Goodness me! I’ve just been privy to a very heated discussion about wet-nursing (the act of breastfeeding someone else’s child). Why does it evoke such a strong reaction in so many people? Honestly, the majority of the ladies involved in the discussion were dead-set against it. Some even said it was “disgusting”! I mean… “disgusting”? C’mon, let’s get real here.
OK, first I have to say that I’m not a woman so I’m obviously approaching this topic from a very different viewpoint of a breast feeder. That said, I can approach the topic from the point of view of a parent whose child may be breastfed by a wet-nurse. And my thoughts are; what’s the big deal?
If we get right back to basics, then we have to accept that wet-nursing has been around for as long as breast feeding has. Throughout history and across the world, wet-nursing and “cross nursing” (the occasional nursing of another’s infant while the mother continues to nurse her own child) has been in practice. Even as far back as 2000 BC, when the oldest written laws – the Code of Hammurabi – were put into practice, there were rules for wet nursing.
So why do so many people get in such a hullabaloo over it? Maybe it has something to do with the intense bond that develops between mother and child, when breastfeeding. In that case, I can understand why some mothers would not want to share that experience with anyone else.
Rhonda Shaw, a sociologist who studies shared nursing in New Zealand, thinks that for some people the idea of physically breast-feeding a child not your own evokes even deeper taboos. She says that many confuse “adult meanings of eroticism with breast feeding … Sometimes people associate a woman breast-feeding another woman’s baby with pedophilia.” Though I’m not sure I would agree with her, I do think she makes an interesting point.
But women who share milk say it’s good for babies and mums. One advocate of cross-nursing, who stayed home after the birth of her child, also nursed the infant of her working sister for a year. She said it created a unique bond with her niece, and brought the family even closer. Another cross-nurser (who also wishes to stay anonymous) says that cross-nursing brought her closer to her friend. “It takes female friendship to another level. You’re trusting another person to nurture your child,” she says. However, the overwhelming feeling from those I spoke to was distinctly negative. I must confess; that surprised me!
One of the ladies had actually cut off relations with a friend of many years because that friend had breast fed her child without her permission. I’m certainly sympathetic, because breast feeding someone else’s child without the parent’s permission does seem a little out of order, but I still couldn’t help thinking that she was blowing things out of proportion. When I asked her why she was so incensed she cited the risks of transmitting viruses through breast milk. That seemed fair enough, but on closer examination, research shows that breast milk contains many factors to protect the infant from such occurrences (although I accept that these may not offer complete protection).
So what about all the milk banks that are popping up around us? I mean, here are organizations that are going to make a considerable profit out of wet-nursing. What do they have to say about it? Well, not surprisingly, their first concern is around the safety of delivering milk to infants. To that end most milk banks will screen donors in a very similar fashion to blood banks.

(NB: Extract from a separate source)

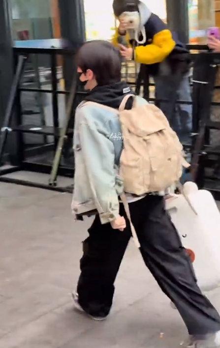 吴艳妮在成都穿着短裤大腿看起来很粗壮,表情自信又张扬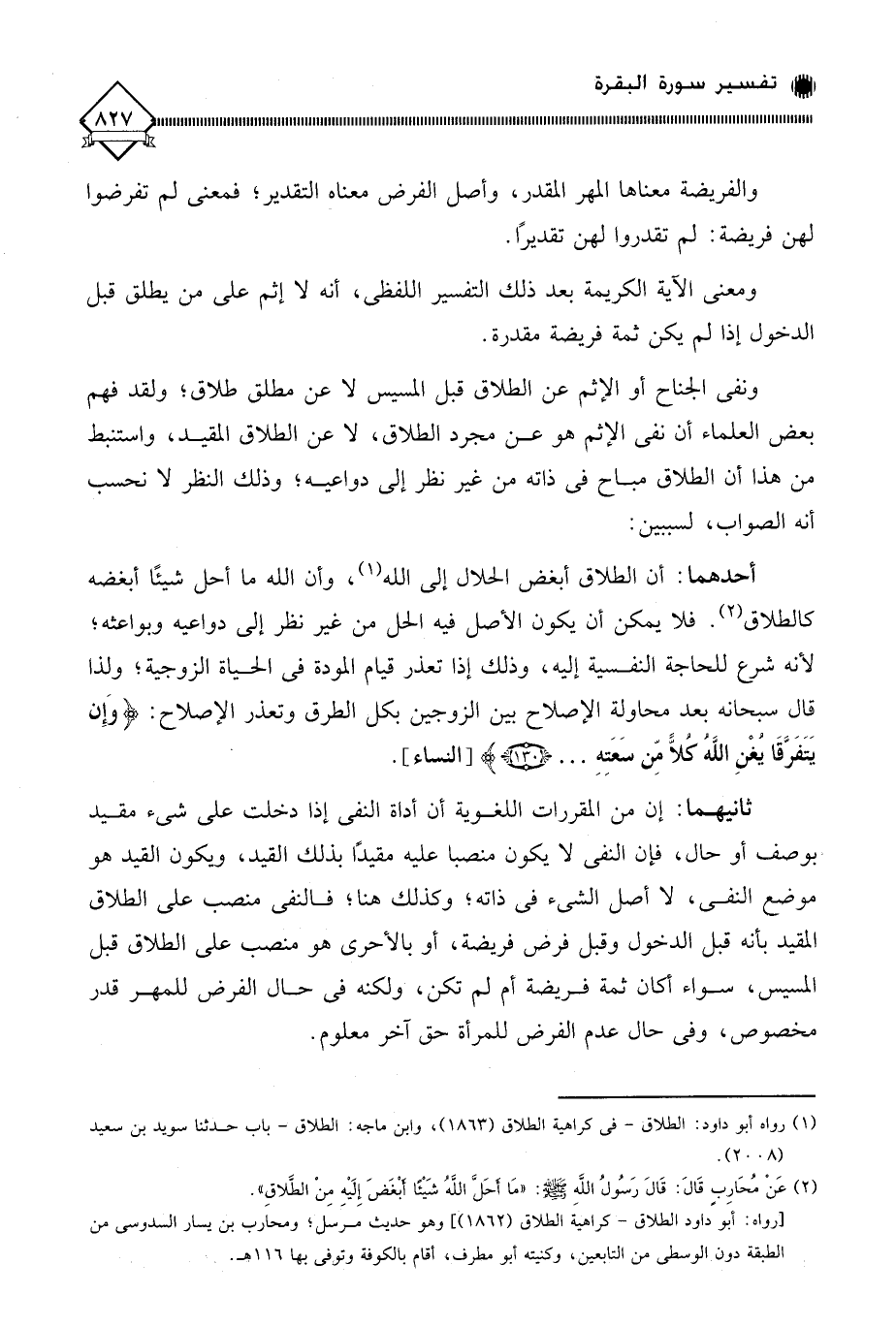 ونفي الجناح أو الإثم عن الطلاق قبل المسيس لَا عن مطلق طلاق؛ ولقد فهم بعض العلماء أن نفي الإثم هو عن مجرد الطلاق، لَا عن الطلاق المقيد، واستنبط من هذا أن الطلاق مباح في ذاته من غير نظر إلى دواعيه؛ وذلك النظر لَا نحسب أنه الصواب، لسببين:

Dr Ben Hartmann, manager of the PREM Bank, Australia’s first human milk bank says “I would suggest that although breast milk is an amazing and complex fluid that provides so many benefits – beyond just nutrition – to babies, the consequences of some of these risks are severe. One could only counsel parents considering the sharing of breast milk in the knowledge that they fully understood and accepted these risks. For this reason our current policy (and that of most other countries and organizations such as WHO) is that ‘donor’ breast milk should only be sourced from an appropriately managed human milk bank.”
I appreciate the service that many milk banks provide; giving breast milk to the most needy (which is always better than formula milk), but he’s bound to say that though! He wants to ensure his business doesn’t go out of business because people are sharing breast milk openly! I don’t know, personally I can’t see a problem with wet nursing or cross nursing. Sure, there may be slight risk of transmitting a virus (but any type of basic screening can rule out that risk). There is also the sharing of a unique bond that is created between mother and child when breast feeding, which since I’ll never be able to breast feed doesn’t mean much to me either. What I can say is that in communities in which I have witnessed cross nursing and wet nursing as a regularity, the sense of community and the bonds between friends, families, and children have been noticeably greater than in those where it doesn’t occur.
What do you think?




Cross nursing is very common in Arab culture. Children who are nursed by the same woman become milk siblings and the mother who nurses another persons child becomes that childs milk mother. My two of my aunts crossed nursed there children and I have a few friends who have “milk siblings.” I don’t see what the big deal is or why it is disgusting. I do think it is preferable for a woman to breastfeed her own child because it creates a strong bond between the two, but if for some reason she cannot, whether it is just occasionally or because she doesn’t produce enough milk, then I don’t see a problem with it. It is certainly better than giving a baby formula milk. Milk banks seem like a good solution also but cross nursing is definitely more convenient if you know someone willing to do it. Of course women who cross nurse should make sure that they are healthy and free from diseases but other than that, why not.